PROMPT: Would you copy the listing below exactly, keeping the pictures out?

INFORMATION SHOWN:
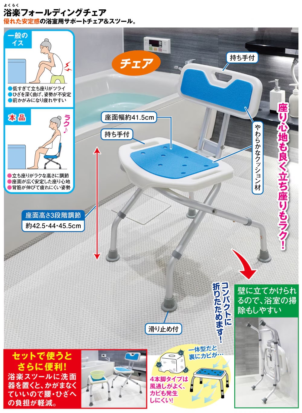 高さ調節ができて優れた安定感のサポートチェア! 人気の浴楽シリーズがリニューアル! 座り心地も良く安定感抜群! コンパクトに折りたためます! 壁に立てかけられるので、浴室の掃除もしやすい 立ち座りラクラク♪ 一体型だと裏にカビが・・・4本脚タイプは風通しがよく、カビも発生しにくい! 【一般のイス】 ・低すぎて立ち座りがツライ ・ひざを深く曲げ、姿勢が不安定 ・前かがみになり疲れやすい 【本品】 ・立ち座りがラクな高さに調節 ・座面が広く安定した座り心地 ・背筋が伸びて疲れにくい姿勢 【浴楽スツールとセットで使うとさらに便利!】 浴楽スツールに洗面器を置くと、かがまなくていいので腰・ひざへの負担が軽減。 ●持ち手付 ●やわらかなクッション材 ●座面幅約41.5cm ●滑り止め付
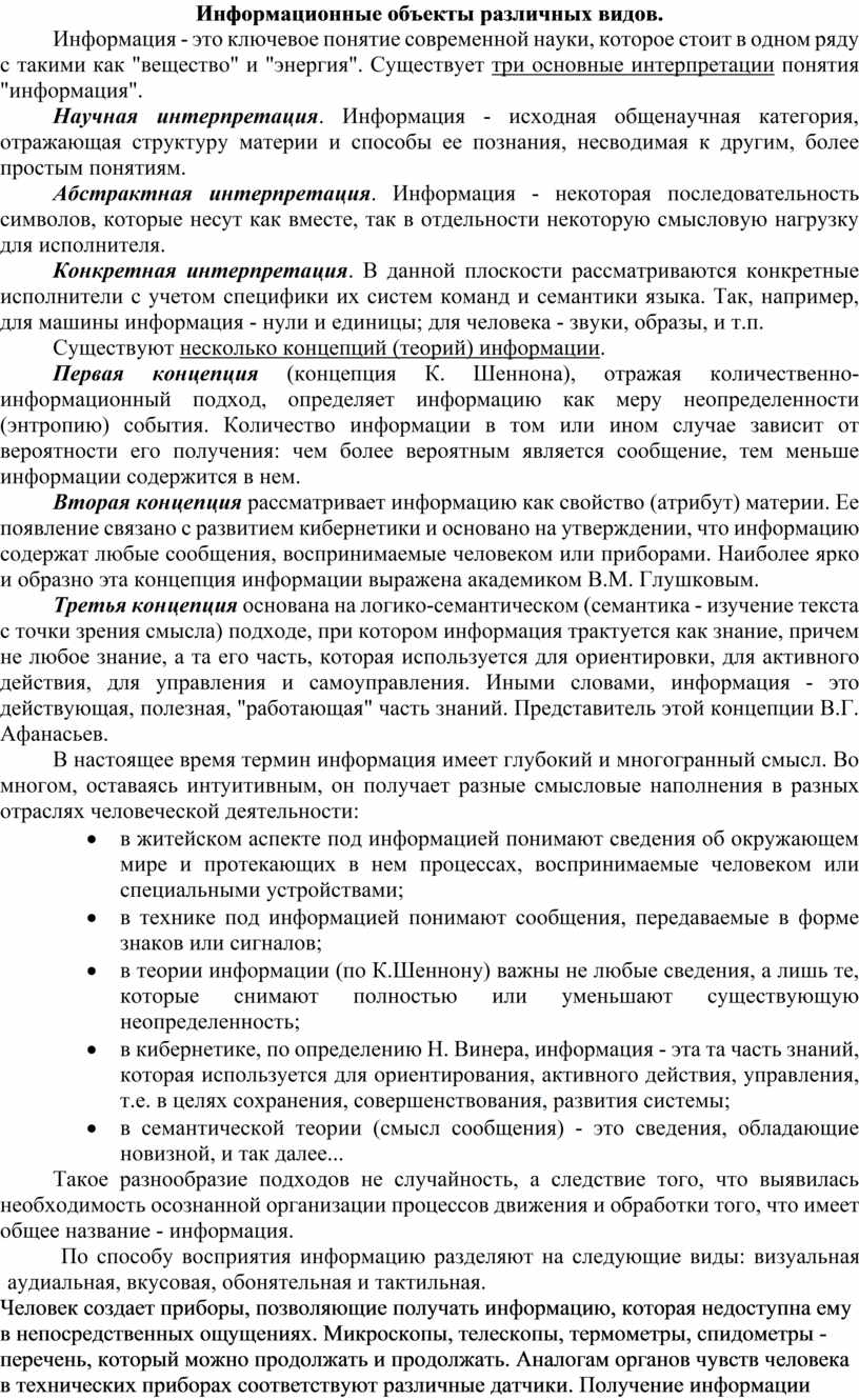 Информационные объекты различных видов.
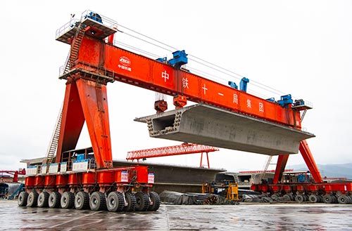 3. 2021年2月10日,中铁十一局集团福厦高铁四标梁场职工在运用汉江重工自行研制的国内首台40米1000吨级搬梁机搬运箱梁。
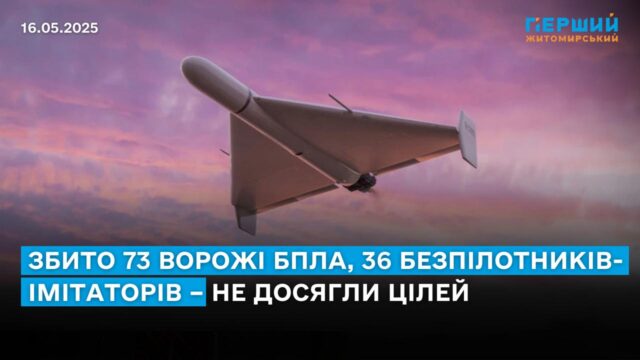 Станом на 9:00 16 травня, сили оборони знищили 73 ударних дрони Shahed та безпілотники інших типів. Ураження фіксувалися на сході, півночі, півдні та в центрі країни.

ANSWER BELOW:
 高さ調節ができて優れた安定感のサポートチェア! 人気の浴楽シリーズがリニューアル! 座り心地も良く安定感抜群! コンパクトに折りたためます! 壁に立てかけられるので、浴室の掃除もしやすい 立ち座りラクラク♪ 一体型だと裏にカビが・・・4本脚タイプは風通しがよく、カビも発生しにくい! 【一般のイス】 ・低すぎて立ち座りがツライ ・ひざを深く曲げ、姿勢が不安定 ・前かがみになり疲れやすい 【本品】 ・立ち座りがラクな高さに調節 ・座面が広く安定した座り心地 ・背筋が伸びて疲れにくい姿勢 【浴楽スツールとセットで使うとさらに便利!】 浴楽スツールに洗面器を置くと、かがまなくていいので腰・ひざへの負担が軽減。 ●持ち手付 ●やわらかなクッション材 ●座面幅約41.5cm ●滑り止め付
 Информационные объекты различных видов.
 3. 2021年2月10日,中铁十一局集团福厦高铁四标梁场职工在运用汉江重工自行研制的国内首台40米1000吨级搬梁机搬运箱梁。
 Станом на 9:00 16 травня, сили оборони знищили 73 ударних дрони Shahed та безпілотники інших типів. Ураження фіксувалися на сході, півночі, півдні та в центрі країни.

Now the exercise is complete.